*INSTRUCTIONS TO FOLLOW:* Only the stretch below from the line holding "Теплые брюки джоггеры" through the line holding "The Embraceâ„¢ 5ft" should be restated, word for word and with both ends included; pictures stay out.

-------- DATA IN THIS EXERCISE --------

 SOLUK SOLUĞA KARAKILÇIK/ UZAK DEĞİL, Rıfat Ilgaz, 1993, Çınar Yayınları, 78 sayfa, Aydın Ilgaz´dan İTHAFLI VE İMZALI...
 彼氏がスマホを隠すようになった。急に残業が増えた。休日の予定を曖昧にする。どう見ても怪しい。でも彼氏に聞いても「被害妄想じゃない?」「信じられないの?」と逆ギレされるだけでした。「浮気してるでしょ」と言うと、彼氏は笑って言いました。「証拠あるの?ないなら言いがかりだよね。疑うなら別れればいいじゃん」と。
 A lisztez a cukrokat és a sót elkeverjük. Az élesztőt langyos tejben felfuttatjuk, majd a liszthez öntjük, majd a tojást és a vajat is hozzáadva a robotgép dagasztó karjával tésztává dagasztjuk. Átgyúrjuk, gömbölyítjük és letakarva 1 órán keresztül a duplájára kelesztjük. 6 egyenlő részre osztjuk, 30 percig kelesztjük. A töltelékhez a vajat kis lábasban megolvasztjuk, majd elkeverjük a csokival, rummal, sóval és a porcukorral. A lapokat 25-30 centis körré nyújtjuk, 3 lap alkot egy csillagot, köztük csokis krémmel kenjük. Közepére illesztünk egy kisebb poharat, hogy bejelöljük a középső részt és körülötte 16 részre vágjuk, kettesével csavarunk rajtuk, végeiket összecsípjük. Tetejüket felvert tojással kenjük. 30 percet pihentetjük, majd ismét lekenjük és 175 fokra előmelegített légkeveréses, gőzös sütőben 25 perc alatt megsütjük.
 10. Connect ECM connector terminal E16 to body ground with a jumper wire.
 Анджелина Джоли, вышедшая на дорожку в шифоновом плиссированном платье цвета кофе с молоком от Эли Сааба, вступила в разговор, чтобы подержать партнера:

--------
-------- DATA IN THIS EXERCISE --------

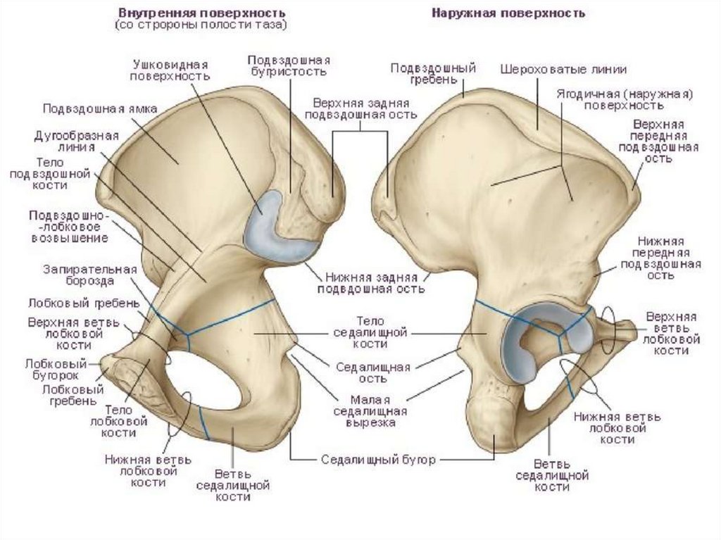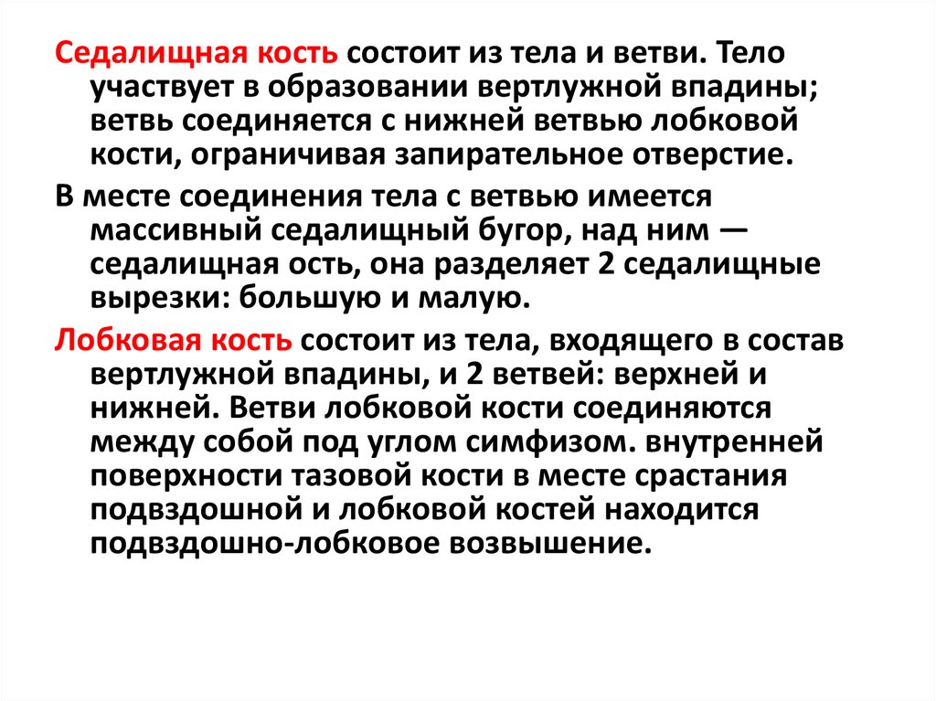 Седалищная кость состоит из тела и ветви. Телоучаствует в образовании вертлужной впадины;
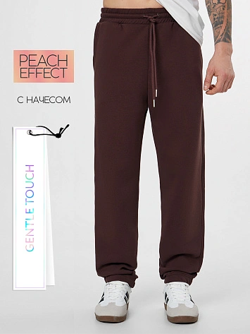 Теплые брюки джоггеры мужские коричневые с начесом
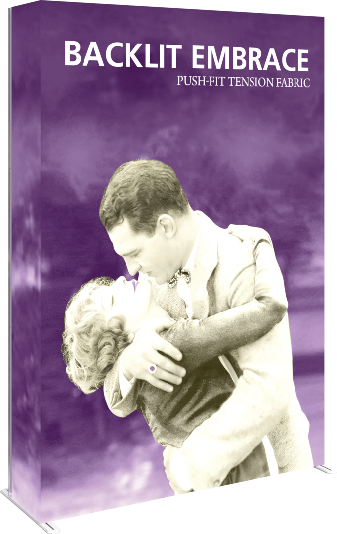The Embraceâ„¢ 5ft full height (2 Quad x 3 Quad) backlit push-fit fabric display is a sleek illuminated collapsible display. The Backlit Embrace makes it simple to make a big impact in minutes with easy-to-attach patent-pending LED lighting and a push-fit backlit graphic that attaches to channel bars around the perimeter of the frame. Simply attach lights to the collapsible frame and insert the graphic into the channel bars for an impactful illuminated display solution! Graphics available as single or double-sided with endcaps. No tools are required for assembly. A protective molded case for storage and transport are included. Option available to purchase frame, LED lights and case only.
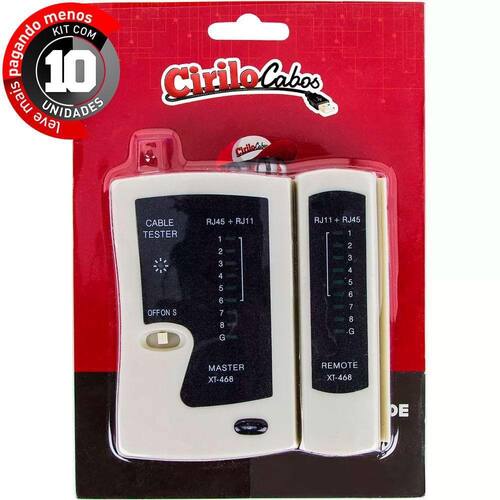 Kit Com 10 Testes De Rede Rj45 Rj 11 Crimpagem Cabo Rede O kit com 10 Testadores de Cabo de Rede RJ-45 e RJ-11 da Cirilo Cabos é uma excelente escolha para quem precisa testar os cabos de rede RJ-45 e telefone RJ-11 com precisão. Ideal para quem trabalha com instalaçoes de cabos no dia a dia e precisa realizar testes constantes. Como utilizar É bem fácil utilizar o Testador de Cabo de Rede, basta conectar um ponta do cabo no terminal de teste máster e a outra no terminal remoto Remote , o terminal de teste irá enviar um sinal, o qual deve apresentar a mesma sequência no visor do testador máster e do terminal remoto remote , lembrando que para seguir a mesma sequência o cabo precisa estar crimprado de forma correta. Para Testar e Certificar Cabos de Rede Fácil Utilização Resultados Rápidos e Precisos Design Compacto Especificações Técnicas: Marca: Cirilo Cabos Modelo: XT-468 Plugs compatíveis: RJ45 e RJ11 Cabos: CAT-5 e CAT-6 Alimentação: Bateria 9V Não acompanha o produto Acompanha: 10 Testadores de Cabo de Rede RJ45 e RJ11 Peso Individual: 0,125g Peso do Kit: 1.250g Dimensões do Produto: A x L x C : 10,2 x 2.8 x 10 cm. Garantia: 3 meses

--------
-------- DATA IN THIS EXERCISE --------

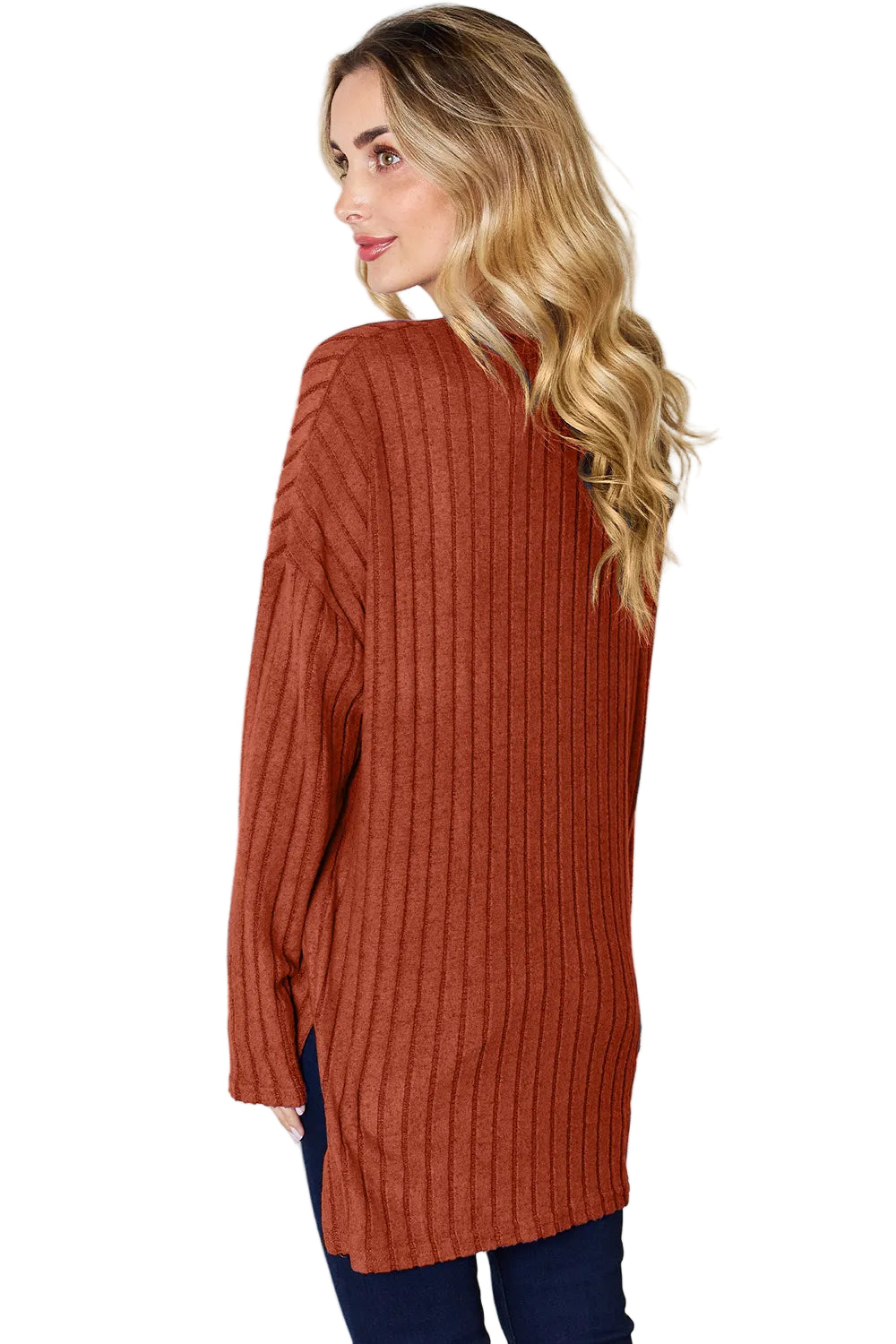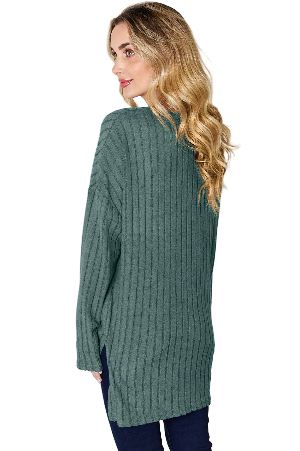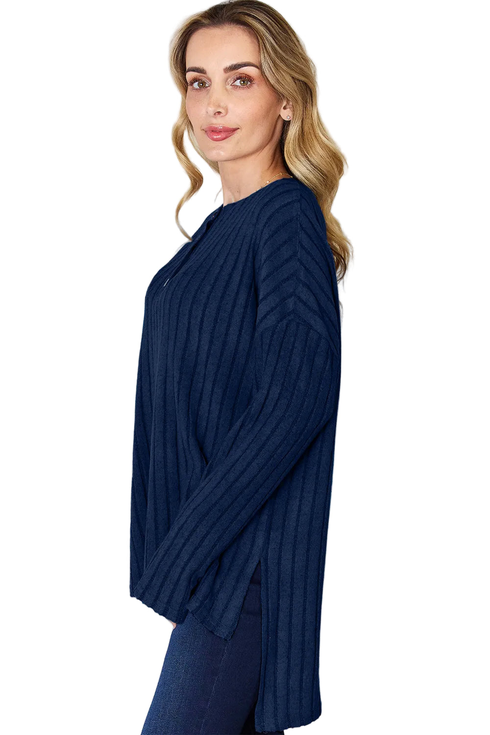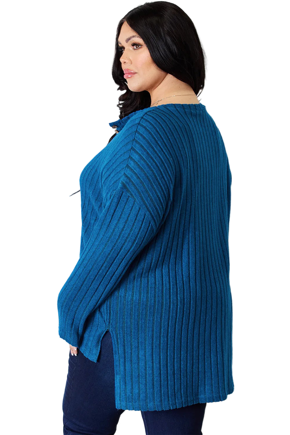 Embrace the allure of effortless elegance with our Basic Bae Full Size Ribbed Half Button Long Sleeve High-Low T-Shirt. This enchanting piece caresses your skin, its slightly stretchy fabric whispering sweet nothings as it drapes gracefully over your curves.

--------

*YOUR SOLUTION:*
 Теплые брюки джоггеры мужские коричневые с начесом
The Embraceâ„¢ 5ft full height (2 Quad x 3 Quad) backlit push-fit fabric display is a sleek illuminated collapsible display. The Backlit Embrace makes it simple to make a big impact in minutes with easy-to-attach patent-pending LED lighting and a push-fit backlit graphic that attaches to channel bars around the perimeter of the frame. Simply attach lights to the collapsible frame and insert the graphic into the channel bars for an impactful illuminated display solution! Graphics available as single or double-sided with endcaps. No tools are required for assembly. A protective molded case for storage and transport are included. Option available to purchase frame, LED lights and case only.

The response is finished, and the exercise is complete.